Billions of years from now, a wind will begin to blow from our sun as it dies. This storm will blow for more than 10,000 years and carry as much as half of the sun's mass away with it, leaving a fainter, colder remnant of its former glory.
Astronomers have long known about these superwinds that herald the deaths of stars, but until now, have been at a loss to explain how they happen.
It was thought that the process was driven by the formation of silicate dust grains in the star's atmosphere that were pushed out by the radiation of the star's light.
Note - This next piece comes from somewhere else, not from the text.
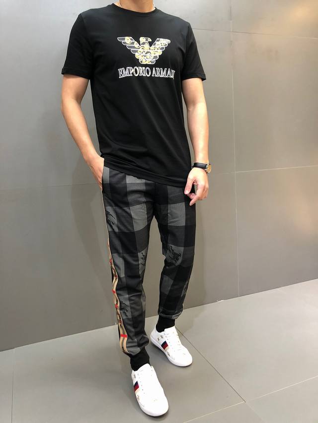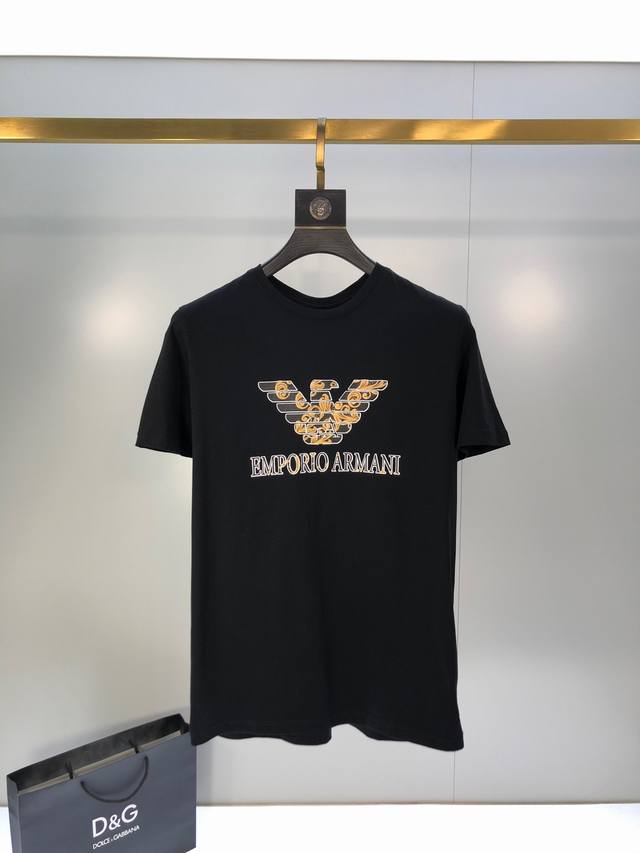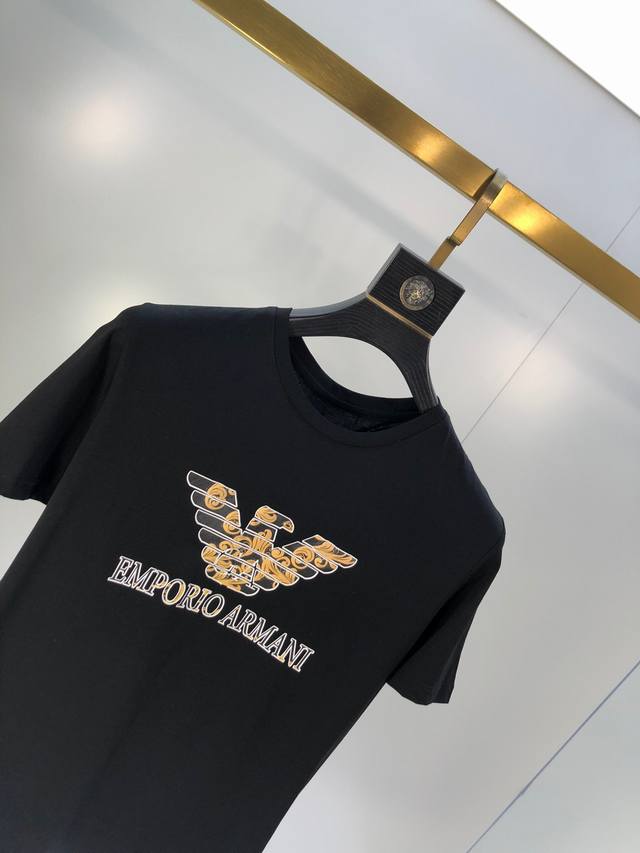 Armani. Suitable for those weighing over 200 pounds. This year's latest hot-selling short-sleeved T-shirt. Same style as boutiques, drip-molded material for the design. The overall design is simple and elegant yet stylish, featuring the classic luxury brand logo. The fabric is imported mercerized cotton. Comfortable and smooth to the touch, breathable and cool to wear, definitely at the forefront of fashion! Sizes: M-XxxxL. M fits 175cm.

But previous models showed that the grains would have heated up and evaporated before they could be blown out into space.
Now, however, astronomers observing dying red giants hundreds of light-years away think they've figured out how the solar dust storms get going.
A team of astronomers in Australia, France and the United Kingdom pointed their telescopes at three stars: W Hydrae in the constellation Hydra, R Doradus in the southern hemisphere constellation Dorado, and R Leonis in the Leo constellation. They reported their observations in the journal Nature on Wednesday.
The scientists found dust grains in the stars' atmospheres that had reached the size of nearly a micrometer across -- which, at a thousandth of a millimeter, is quite small to human eyes, but much bigger than expected.
At that size, the dust grains are able to reflect the light of the star instead of absorbing it, meaning that they can be pushed out by the light, at speeds of about 20,000 miles per hour.
The dust and sand in the superwind will survive the star, and later become part of the clouds in space from which new stars form, Albert Zijlstra, a co-author of the paper from The University of Manchester's Jodrell Bank Observatory said in a statement.
The silicate grains borne on the superwind will form the building blocks of new planets in the same way that stardust formed Earth, according to Zijlstra.
We are now a big step further in understanding this cycle of life and death, Zijlstra said.